Creo que las raíces constituyen un aspecto fundamental de nuestras sociedades, precisamente por el sentimiento de pérdida y desarraigo que genera la Modernidad desde sus inicios. De hecho, de ahí parten, con matices, los nacionalismos, o algunos movimientos artísticos como el romanticismo. Mientras más se nos expulsa hacia la globalización, más se uniformizan los paisajes y el lenguaje, más aumenta la reacción contra pensarnos parte de una tendencia sin alma. Eso Simone Weil lo vio clarísimo durante la época que le tocó vivir, entre dos guerras mundiales. Hace poco, y en su marco contemporáneo, expliqué en El País cómo se daba este fenómeno de manera transversal a todas las ideologías. Para la ultraderecha, las raíces adquieren un tinte xenófobo que no comparto. Desde otros puntos del espectro político, se contemplan como salvaguarda de la vida, del patrimonio, e incluso como una oportunidad de labrar comunidades ancladas a una tierra que debe ser protegida. Así lo ven algunos sectores ecologistas. En definitiva, no nos vamos a olvidar de las raíces, enfangados como estamos en sociedades con tendencia a la destrucción de los vínculos afectivos y la automatización del pensamiento. Al contrario, estas alcanzarán, creo, incluso más relevancia. Lo considero un fenómeno inevitable, y muy positivo según cómo se oriente.
¿Qué disposición de ánimo se requiere para enfrentarse a una muerte, para que esa muerte no se nos enquiste?
Es una pregunta difícil, porque creo que nadie está preparado para lidiar con la muerte de un ser querido. Dicho esto, si tú asumes tu propia mortalidad, ese paréntesis entre el antes de haber nacido y el momento de desaparecer –que decía Séneca–, puedes convertir una tragedia en un proceso de aprendizaje, incluso de reparación creativa del cual, si practicas algún tipo de espiritualidad (y puede ser laica), participan las personas que te faltan. Pienso en cómo Pilar del Río o Luis García Montero han elevado universos simbólicos bellísimos a partir de una condición de viudedad; a mí me parece admirable cómo defienden las figuras de José Saramago y Almudena Grandes respectivamente, cómo se ha aclimatado su dolor al agradecimiento de haber amado a sus parejas y compartido una vida con ellas. Claro que requiere adaptación, sopesar lo ocurrido, pero es precioso cuando las lágrimas se transforman en materia para la memoria. A mí me ha sucedido con mis abuelos maternos, a quienes quería con locura (desgraciadamente, no contamos con una palabra para definir la orfandad de abuelos). Ha sido reconfortante centrarme en ese núcleo de amor infinito que representaban Luciana y Antonio. Quise imaginar sus vidas, pues no las viví, y ese ejercicio me sirvió para asumir mi propia fugacidad, pero también para dignificar un espíritu de tribu que no se esfuma cuando el cuerpo deja de latir.
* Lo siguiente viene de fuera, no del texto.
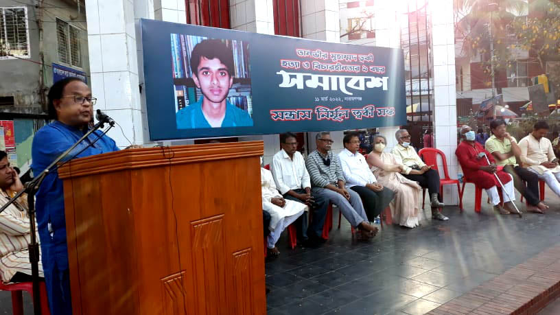 তিনি আরও বলেন, ত্বকী হত্যার ৫জন আসামি আদালতে হাজিরা দিচ্ছে। তাহলে এরা কারা ? তারা কিন্তু শীর্ষ বিচারকের আদালতে হাজিরা দিচ্ছে। যারা বিচার করবে তাদের সামনে রাজনীতিক নেতৃবৃন্দকে এভাবে যদি প্রশয় দেওয়া হয় তাহলে আইনের শাসন আর থাকবে না। তাই আপনারা এ সমস্ত অনুষ্ঠানে এসে ত্বকী হত্যার বিচারকে আপনারা প্রশ্নবিদ্ধ করনে না।
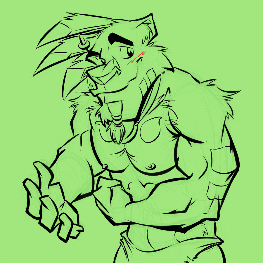 River Ankh sure is buff but often shy about it. Its unusual for a tribesmen not to be valiantly proud about their physic but its not his case. When complimented on his stature he quickly turns shy about it and attempts to trail away from the subject.
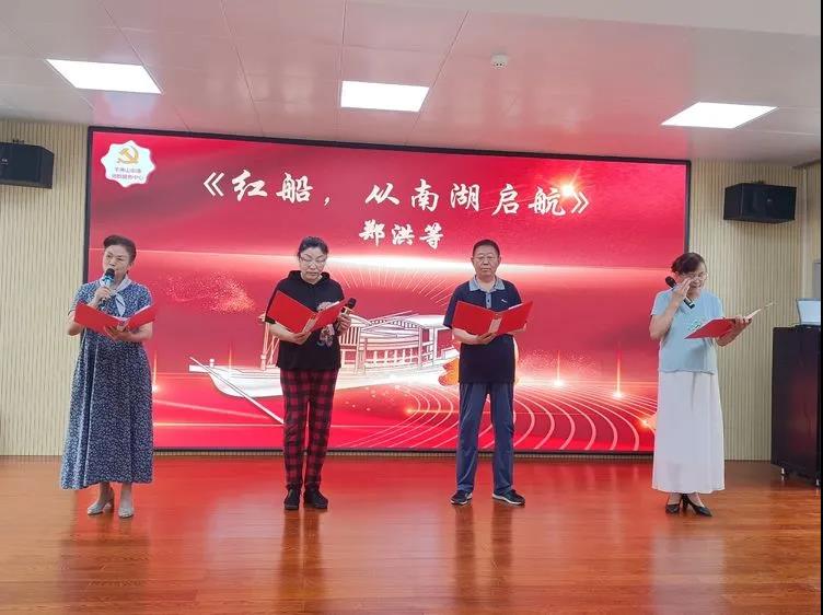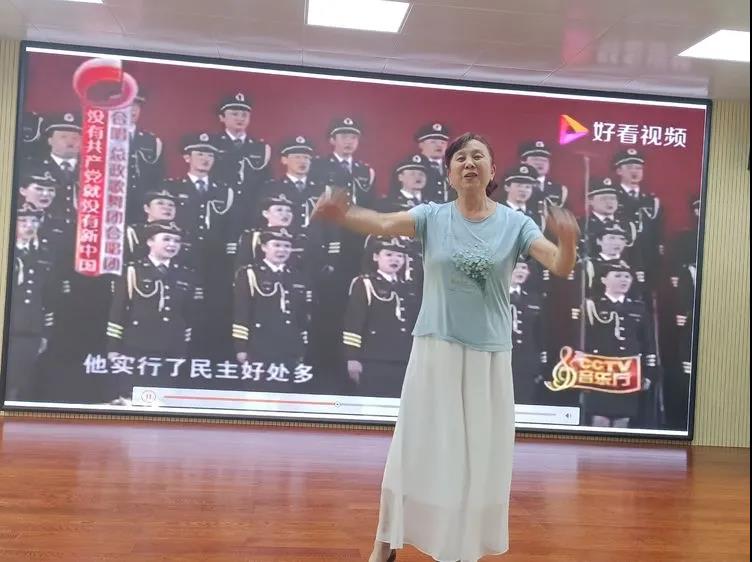 习近平深情地说:“上海党的一大会址、嘉兴南湖红船是我们党梦想起航的地方。”由朗诵班的郑洪等同学带来了诗朗诵《红船,从南湖启航》,庆祝着100年前的7月,中国共产党第一次全国代表大会在浙江嘉兴南湖的一条游船上胜利闭幕,庄严宣告中国共产党的诞生。田建设老师的一首情景诗朗诵《今夜星光灿烂》、金玉仙朗诵的《祝贺我们的党百岁生日,向党说句心里话》、牟建设演奏的葫芦丝加伴唱《再吹山歌给党听》表现出了对中国共产党诞生的喜悦,从《义勇军进行曲》到东方红,从春天的故事到走进新时代,100年的风雨历程,100年的辉煌历史,在每一个关键时刻,在每一次重大关头,都是您,我们伟大的中国共产党,把握历史大势,顺应时代潮流,带领人民,依靠人民,不断开拓。
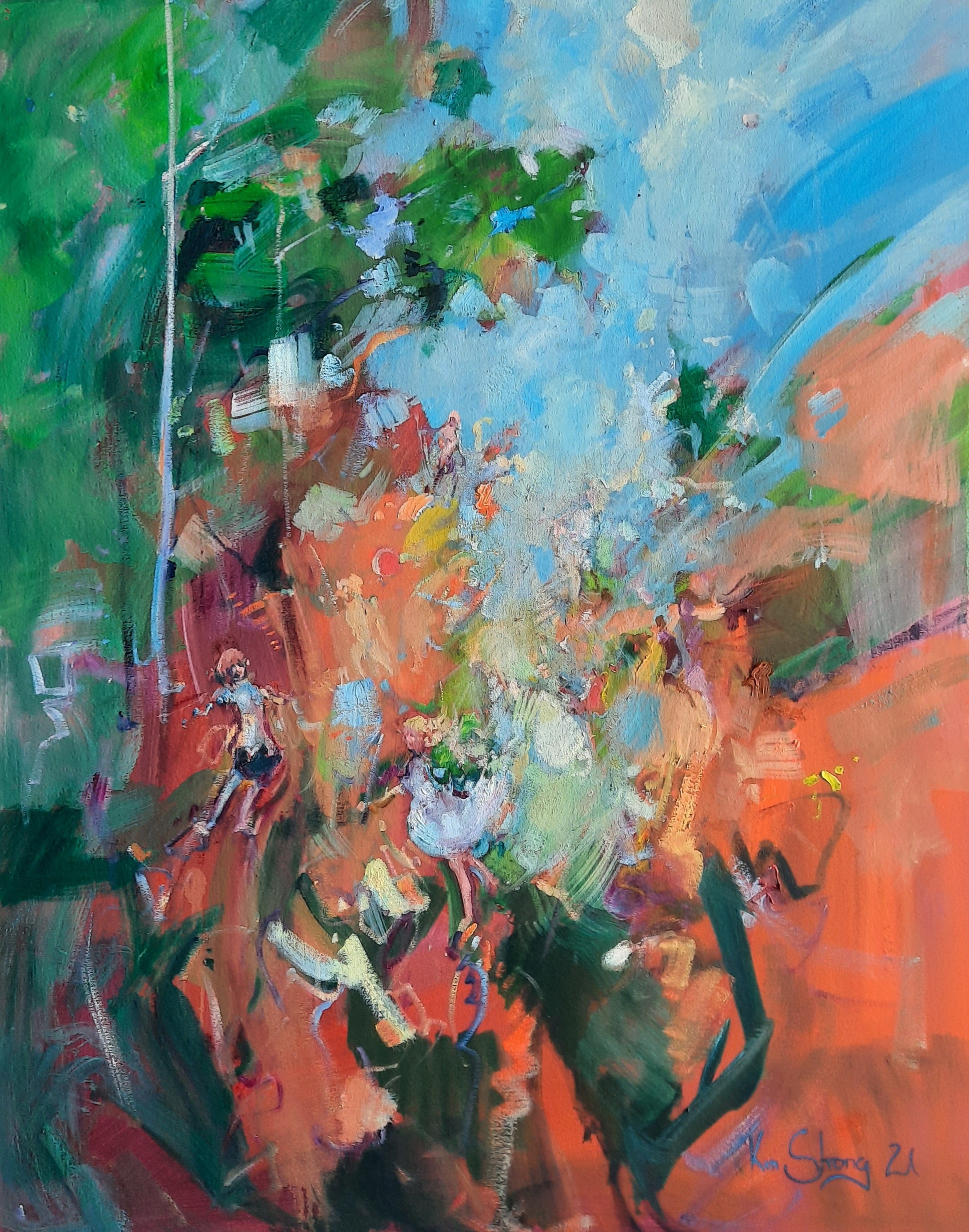 Artist Statement: A largely abstract work where the joyous mood of the children is embellished by colour and movement of their surrounds. “Their movements in time with the way that they feel”- Ken Strong.
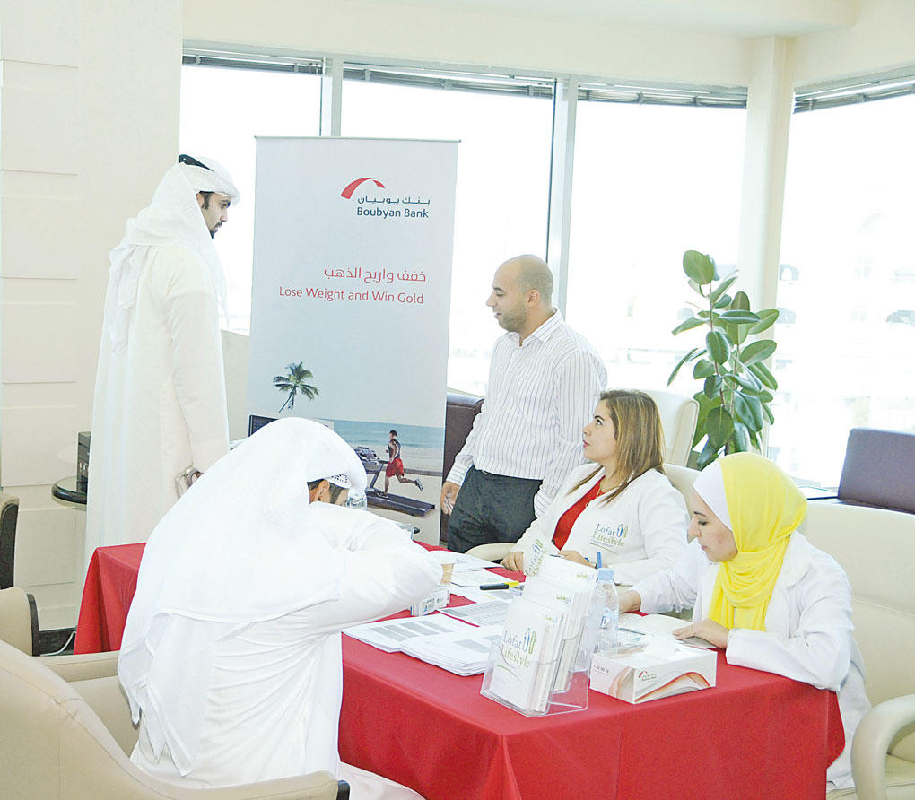 انطلاقاً من أهدافه في رفع مستوى التوعية بأهمية الحفاظ على الصحة واهمية ممارسة الرياضة، أعلن بنك بوبيان إطلاق حملة «خفف واربح الذهب» بالتعاون مع مجموعة لوفات للاغذية الصحية بين موظفي البنك تهدف إلى التشجيع على ممارسة الرياضة والمشي بهدف تخفيف الوزن والوصول إلى الوزن المثالي والتي سيتم مكافأة الفائزين فيها بسبائك ذهبية توازي حجم ما انجزوه من خسارة الوزن. وقامت إدارة الاتصالات والعلاقات المؤسسية بقياس أوزان المشاركين على مدار يومين بحضور أخصائيين من مجموعة «لوفات» للأغذية الصحية والذين قدموا مجموعة مفيدة من النصائح الصحية للموظفين المشاركين وذلك حرصا منها على مشاركة اكبر عدد ممكن من الموظفين لخلق أجواء تنافسية تساهم في الحفاظ على صحتهم.
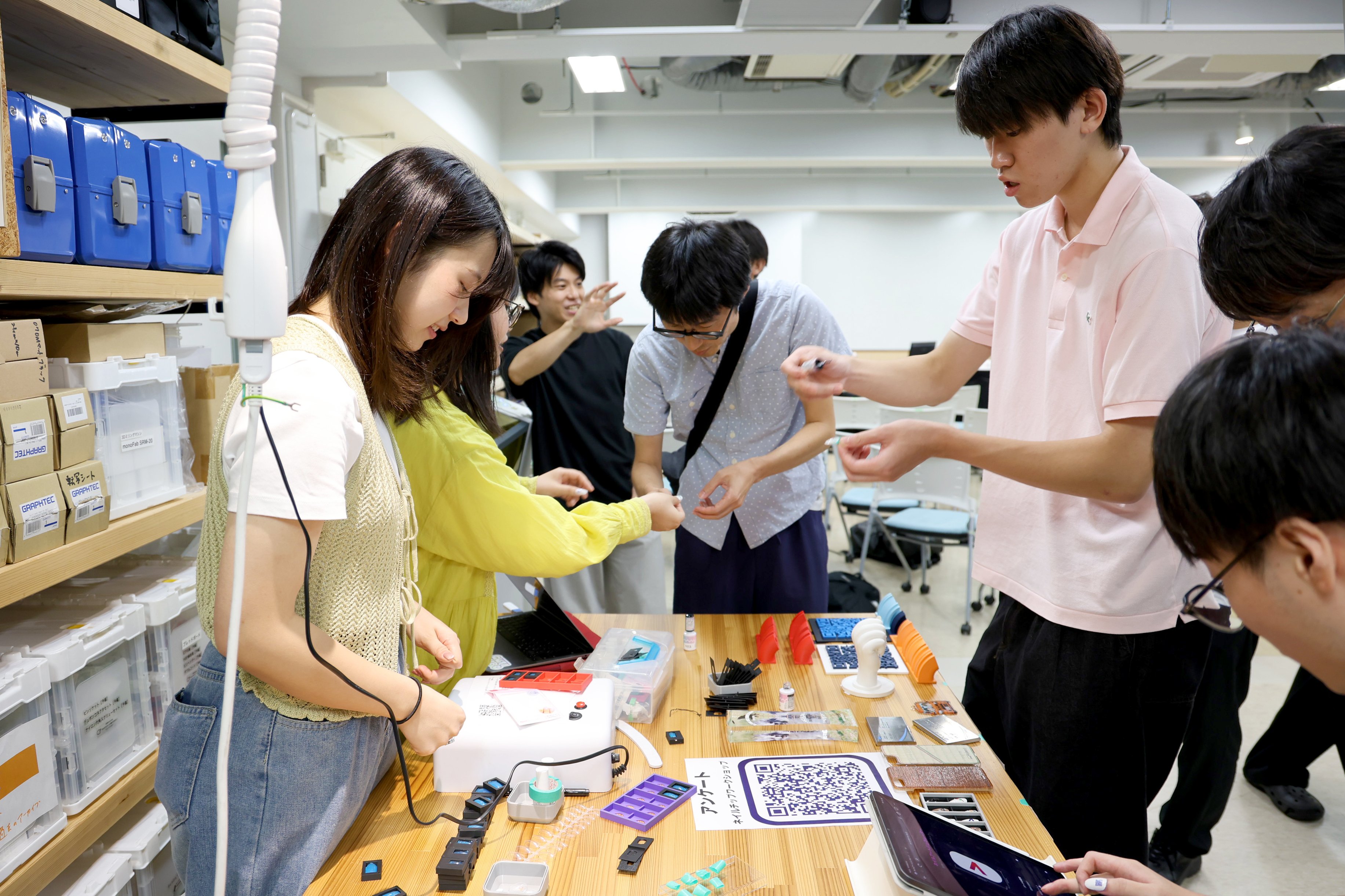 会場では学内外から持ち寄られた作品展示や学生が考案したオリジナルのワークショップ「マイネイル工房」、イベント協力いただいたローランド ディー.ジー.株式会社のメタルプリンターなどで参加者はものづくりの面白さを体験しました。
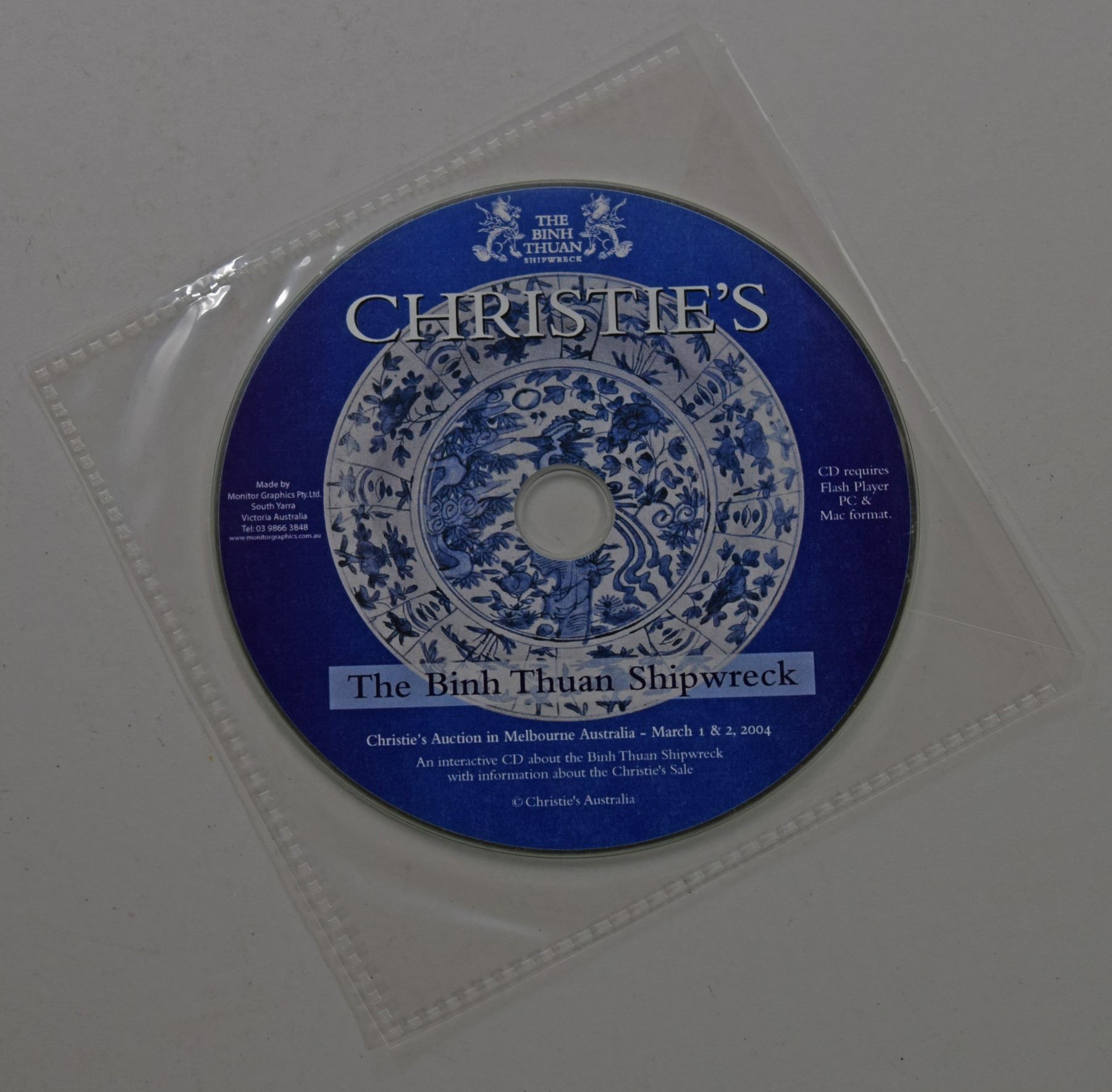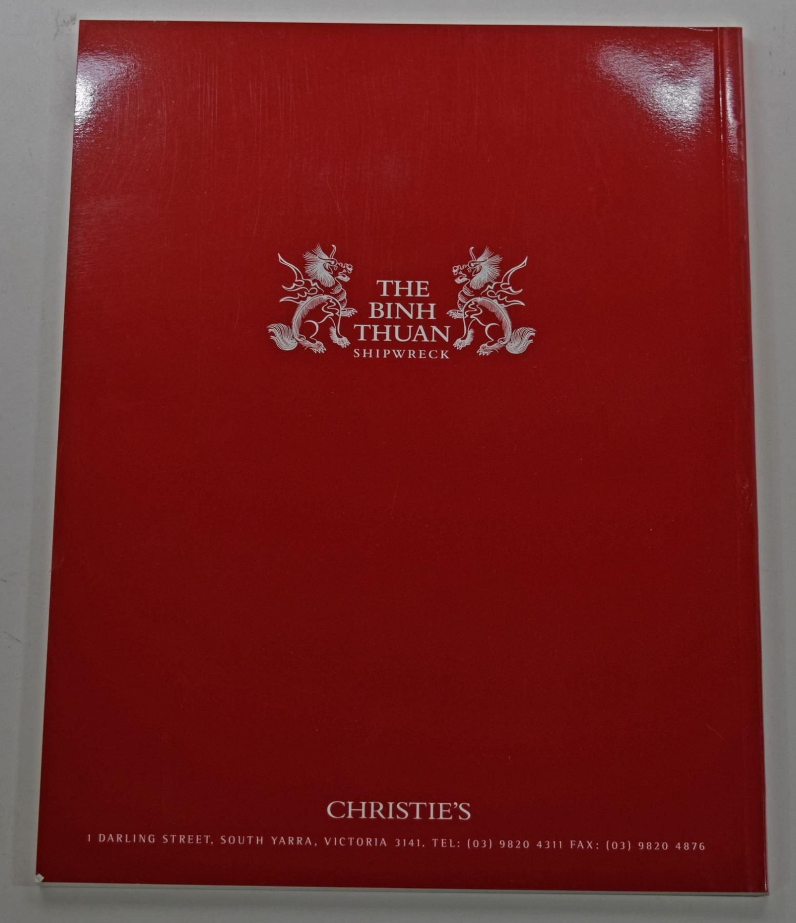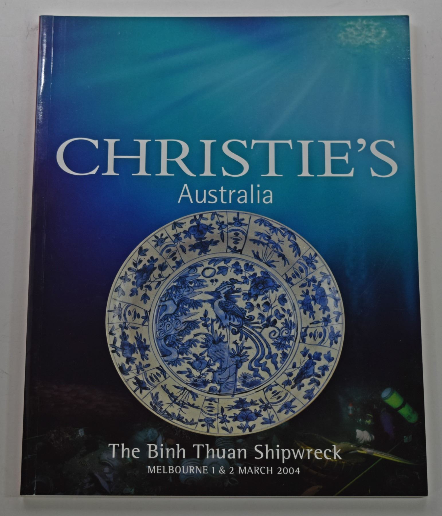 Christie's Australia. THE BINH THUAN SHIPWRECK. March 1-2, 2004. 4to, 92 pages; Softcover; Includes folder with DVD catalog; This auction catalog contains 760 lots of ceramics salvaged from an unknown shipwreck off the coast of Binh Thuan, Viet Nam. It is estimated that the ship sank between 1600 and 1610. The catalog includes a 13 page historical overview of the wreck and the salvage.

«El duelo elabora comunidades»
La novela nos adentra en el duelo de la protagonista, pero ¿qué función cumplía o cumple mostrar externamente ese duelo (pienso en Maruja La Palanca, que no se quitó su bata negra desde la muerte de su hijo)?
El duelo elabora comunidades; nos incluye en una cadena familiar –en un mundo tan individualista, sentirse la tesela de un mosaico alivia el corazón y crea memoria–; el duelo te conecta con tu propia vulnerabilidad y añade dosis de humildad a la existencia. El duelo también es atención; significa salir del narcisismo para concentrarse en el ser perdido, la tierra, sus ciclos ecológicos y rituales. Si me preguntas por la función «social» del duelo en la novela, te diría que se ancla a la dignificación de las biografías pequeñas que suceden en un pueblo cualquiera y, aun así, merecen tanto respeto como las voces más aclamadas. Aquí hay un intento de salvar del anonimato a gentes que, por su condición, deberían estar sepultadas doblemente: en la tumba y en el desdén colectivo. Yo he encontrado en el duelo una manera de decir que los nadie importan; que estamos hechos de sus esfuerzos y dedicaciones; y que sus historias, además, desde un punto de vista literario, son fascinantes.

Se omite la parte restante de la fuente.